Il progetto mira a porre le basi per la realizzazione del Parco Archeologico Urbano della Città di Napoli a partire da un contesto unico al mondo per stratificazione e tipologie di rinvenimenti: l’area di Piazza Municipio che unisce il complesso di Castel Nuovo alla sottostante area archeologica in cui è stato individuato l’antico porto di Napoli risalente al II sec. Dc.
L’applicazione di tecnologie innovative e la loro integrazione con le conoscenze di tipo umanistico contribuiranno a migliorare la fruibilità del patrimonio culturale locale e potenziare l’attrattività turistica del territorio.
Ampio spazio nel progetto è dato anche all’analisi dei rischi a cui sono sottoposti i parchi archeologici in termini di usura delle aree e dei monumenti a causa di agenti ambientali (rischi geologici, idrogeologici e sismici) e antropici, compresi quelli derivanti dalla pressione turistica.
In quest’ambito si inseriscono le attività dei ricercatori dell’IREA che contribuiscono allo studio dello stato di conservazione, alla valutazione dei rischi e all’acquisizione di informazioni utili a pianificare interventi di tutela, conservazione e restauro, attraverso la realizzazione di una rete integrata di sensori per il monitoraggio del patrimonio archeologico, monumentale e ambientale del parco.
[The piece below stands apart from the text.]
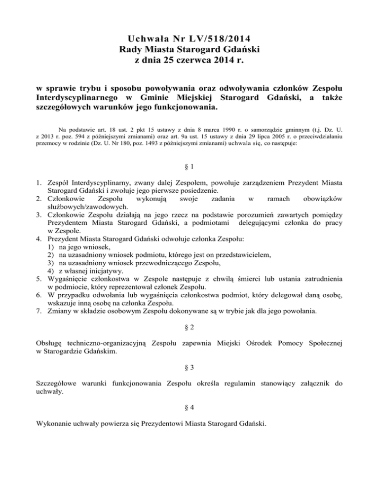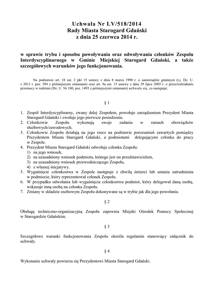Uchwała Nr LV/518/2014 Rady Miasta Starogard Gdański z dnia 25 czerwca 2014 r. w sprawie trybu i sposobu powoływania oraz odwoływania członków Zespołu Interdyscyplinarnego w Gminie Miejskiej Starogard Gdański, a także szczegółowych warunków jego funkcjonowania. Na podstawie art. 18 ust. 2 pkt 15 ustawy z dnia 8 marca 1990 r. o samorządzie gminnym (t.j. Dz. U. z 2013 r. poz. 594 z późniejszymi zmianami) oraz art. 9a ust. 15 ustawy z dnia 29 lipca 2005 r. o przeciwdziałaniu przemocy w rodzinie (Dz. U. Nr 180, poz. 1493 z późniejszymi zmianami) uchwala się, co następuje: §1 1. Zespół Interdyscyplinarny, zwany dalej Zespołem, powołuje zarządzeniem Prezydent Miasta Starogard Gdański i zwołuje jego pierwsze posiedzenie. 2. Członkowie Zespołu wykonują swoje zadania w ramach obowiązków służbowych/zawodowych. 3. Członkowie Zespołu działają na jego rzecz na podstawie porozumień zawartych pomiędzy Prezydentem Miasta Starogard Gdański, a podmiotami delegującymi członka do pracy w Zespole. 4. Prezydent Miasta Starogard Gdański odwołuje członka Zespołu: 1) na jego wniosek, 2) na uzasadniony wniosek podmiotu, którego jest on przedstawicielem, 3) na uzasadniony wniosek przewodniczącego Zespołu, 4) z własnej inicjatywy. 5. Wygaśnięcie członkostwa w Zespole następuje z chwilą śmierci lub ustania zatrudnienia w podmiocie, który reprezentował członek Zespołu. 6. W przypadku odwołania lub wygaśnięcia członkostwa podmiot, który delegował daną osobę, wskazuje inną osobę na członka Zespołu. 7. Zmiany w składzie osobowym Zespołu dokonywane są w trybie jak dla jego powołania. §2 Obsługę techniczno-organizacyjną Zespołu zapewnia Miejski Ośrodek Pomocy Społecznej w Starogardzie Gdańskim. §3 Szczegółowe warunki funkcjonowania Zespołu określa regulamin stanowiący załącznik do uchwały. §4 Wykonanie uchwały powierza się Prezydentowi Miasta Starogard Gdański. §5 Traci moc Uchwała Nr LXIII/551/2010 Rady Miasta Starogard Gdański z dnia 28 października 2010 r. w sprawie trybu i sposobu powoływania i odwoływania członków Zespołu Interdyscyplinarnego oraz szczegółowych warunków jego funkcjonowania w Gminie Miejskiej Starogard Gdański. §6 Uchwała wchodzi w życie po upływie 14 dni od dnia ogłoszenia w Dzienniku Urzędowym Województwa Pomorskiego. Przewodniczący Rady Miasta Starogard Gdański Sławomir Ruśniak UZASADNIENIE Na podstawie art. 6 ust. 2 pkt 4 ustawy z dnia 29 lipca 2005 r. o przeciwdziałaniu przemocy w rodzinie (Dz. U. Nr 180, poz. 1493 z późniejszymi zmianami) tworzenie gminnego systemu przeciwdziałania przemocy w rodzinie, w tym tworzenie zespołów interdyscyplinarnych należy do zadań własnych gminy. Zgodnie z art. 9a ust. 15 ustawy z dnia 29 lipca 2005 r. o przeciwdziałaniu przemocy w rodzinie (Dz. U. Nr 180, poz. 1493 z późniejszymi zmianami) rada gminy określa w drodze uchwały, tryb i powoływania i odwoływania członków zespołu interdyscyplinarnego oraz szczegółowe warunki jego funkcjonowania. Kilkuletni okres działalności Zespołu Interdyscyplinarnego ujawnił potrzebę zmiany w organizacji działania Zespołu Interdyscyplinarnego i grup roboczych z dostosowaniem do aktualnych potrzeb działania w środowisku. Skutki finansowe proponowanych rozwiązań obejmują wydatki związane z pracą Zespołu Interdyscyplinarnego w Gminie Miejskiej Starogard Gdański i grup roboczych (m.in. materiały biurowe, znaczki pocztowe, koszty rozmów telefonicznych). Środki na ten cel zabezpieczono w budżecie Miejskiego Ośrodka Pomocy Społecznej w Starogardzie Gdańskim. Szacunkowa kwota w 2014 r. to 26.000,00 zł. Starogard Gdański, czerwiec 2014 r. Załącznik d o U c h wa ł y N r LV / 5 1 8 / 2 0 1 4 Rady Miasta Starogard Gdański z dnia 25 czerwca 2014 r. Regulamin Zespołu Interdyscyplinarnego w Gminie Miejskiej Starogard Gdański §1 Ilekroć w regulaminie jest mowa o: 1) Zespole – oznacza to Zespół Interdyscyplinarny w Gminie Miejskiej Starogard Gdański, 2) przewodniczącym lub zastępcy przewodniczącego – oznacza to Przewodniczącego lub Zastępcę Przewodniczącego Zespołu Interdyscyplinarnego w Gminie Miejskiej Starogard Gdański, 3) grupie roboczej – oznacza to zespół osób powołanych przez przewodniczącego do pracy w celu rozwiązywania problemów związanych z wystąpieniem przemocy w rodzinie w indywidualnych przypadkach, 4) liderze – oznacza to lidera grupy roboczej, 5) ustawie – oznacza to ustawę z dnia 29 lipca 2005 roku o przeciwdziałaniu przemocy w rodzinie (Dz. U. Nr 180, poz. 1493 z późn. zm.), 6) rozporządzeniu – oznacza to rozporządzenie Rady Ministrów z dnia 13 września 2011 r. w sprawie procedury „Niebieskie Karty” oraz wzorów formularzy „Niebieska Karta” (Dz. U. 209, poz. 1245). §2 1. Na pierwszym posiedzeniu Zespołu, spośród jego członków, wybierany jest przewodniczący oraz zastępca przewodniczącego, przy obecności co najmniej 50% składu Zespołu, większością głosów, w głosowaniu jawnym. O wynikach wyborów przewodniczący informuje pisemnie Prezydenta Miasta Starogard Gdański. 2. Odwołanie przewodniczącego może nastąpić: 1) na uzasadniony pisemny wniosek: a) co najmniej 50% składu Zespołu, b) Prezydenta Miasta Starogard Gdański, 2) w związku ze złożeniem przez niego rezygnacji. 3. Odwołanie następuje w wyniku głosowania jawnego, większością głosów w obecności co najmniej 50% składu Zespołu. 4. W przypadku odwołania przewodniczącego, wybór nowego przewodniczącego następuje na tym samym posiedzeniu Zespołu. 5. Do zadań przewodniczącego należy m.in.: 1) reprezentowanie Zespołu na zewnątrz, 2) kierowanie i koordynowanie pracami Zespołu, 3) zwoływanie i prowadzenie posiedzeń Zespołu, 4) przygotowanie porządku posiedzenia, 5) powoływanie grup roboczych i zwoływanie ich posiedzeń, 6) nadzór nad pracą merytoryczną Zespołu, 7) podpisywanie protokołów, dokumentów i

Vengono utilizzati sensori in fibra ottica per il monitoraggio della temperatura e delle deformazioni di ambienti e strutture; il telerilevamento satellitare per l’analisi delle deformazioni nelle aree di interesse fino alla scala dei singoli edifici e strutture e sono impiegati radar marini per il monitoraggio e le previsioni delle condizioni meteomarine nell’area del PAUN. Inoltre vengono effettuate analisi non invasive per la caratterizzazione dei manufatti di pregio e il rinvenimento di criticità relative alla conservazione.
I dati provenienti dalle reti di sensori dovranno confluire in un’unica piattaforma software che li renderà fruibili per valutare lo stato strutturale e i rischi a cui sono soggetti i vari elementi per pianificare le priorità degli interventi di salvaguardia e quindi garantire la trasmissione del patrimonio culturale alle generazioni future.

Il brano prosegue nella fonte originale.